(It could be a short post today.)
Helping is something we take for granted, we hardly think about how it happens, but Edgar Schein (Helping) and Michael Bungay Stanier (The Coaching Habit) have got me seeing just how complex it is.
‘Too much of your day is spent doing things you think people want you to do.’*
‘Helping is a basic relationship that move things forward.’**
When we stop to think about it, we all know how complex helping is.
We do something we think is helpful to surprise someone, but that wasn’t what they wanted us to do at all.
We don’t do something because we think it’s better to be asked, but now we’re in trouble because the other person thought that it was obvious and expected us to get on and do it.
We can buy help.
We can manipulate help from someone.
Peter Diamandis and Steven Kotler remark on how ‘Billions and billions in goods and services … are now changing hands sans cost.’^
Here’s a basic kind of help. Something is put out there for people to pick up and use if they want to. No pressure, no-one’s watching. This is the basic kind of help. Perhaps a powerful example is Elon Musk’s decision to make Tesla’s patents available to those who want to use them.
A higher form of help isn’t a one-way street, though: it’s a relationship of trust.
When it comes to ongoing relationships – be they family, work, and other – things gets more complicated. Stanier writes about the dramatic triangle we can play out as persecutor, victim, and helper. We can demand help – persecutor; we feel put upon – victim; we come up with the helpful solution and save the day (ta-dah) – rescuer.

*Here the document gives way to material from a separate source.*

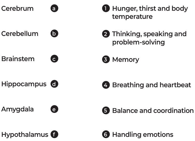 Match the part of the brain to its function.
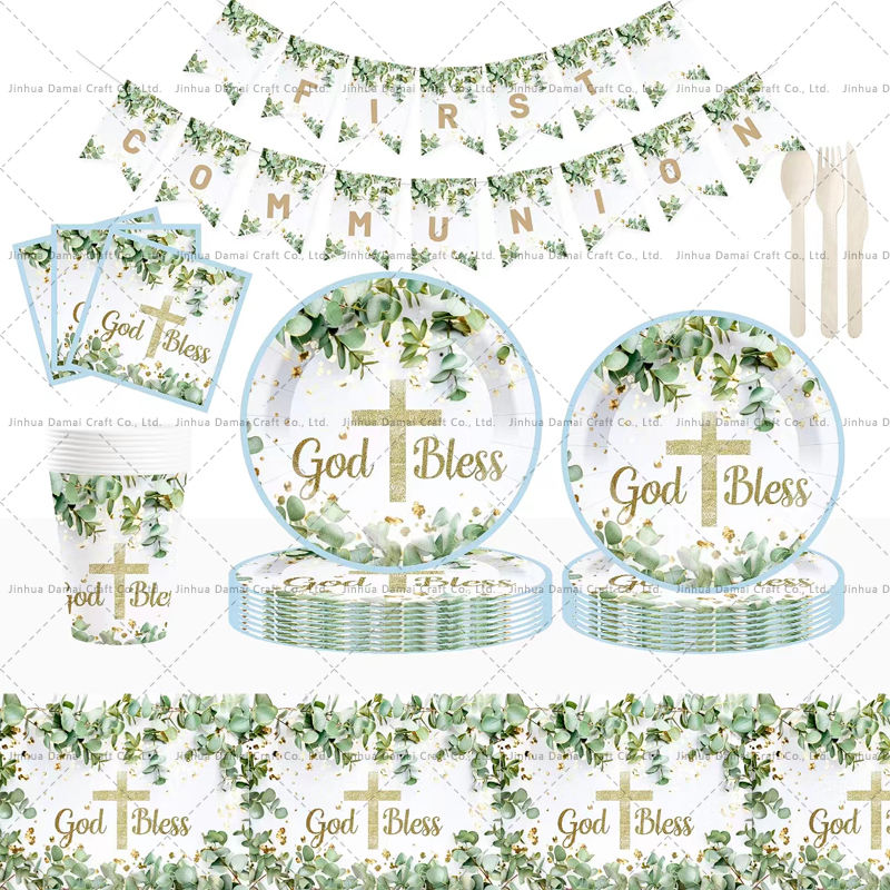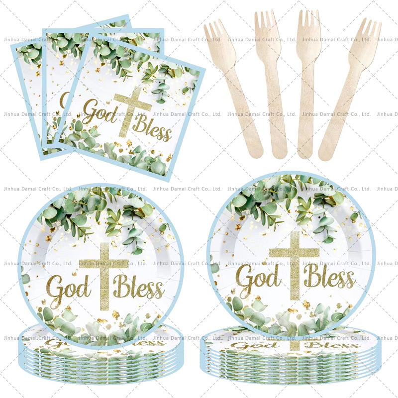 DAMAI God Bless Plates Baptism Tableware First Holy Communion Disposable Paper Dinnerware for Christening Baby Shower Supplies

Schein warns: ‘We begin with the proposition that all human relationships are about status positioning and what sociologists call “situational proprieties.”‘*
Which probably means, we don’t even see we’re taking on a certain position when we offer help. Our help, then, can feel like judgement on another: You don’t think I can do this myself?
How can I help you?
Is not to presume. Is open to being told, You can’t. And that’s okay. And maybe there’s more to this.
Help is how we move forward as a species, so as I begin to read Schein’s book, I’m fascinated by what I’ll discover as I begin an exploration of the taking for granted but fascinating world of help – especially what I’ll see in myself, but didn’t know.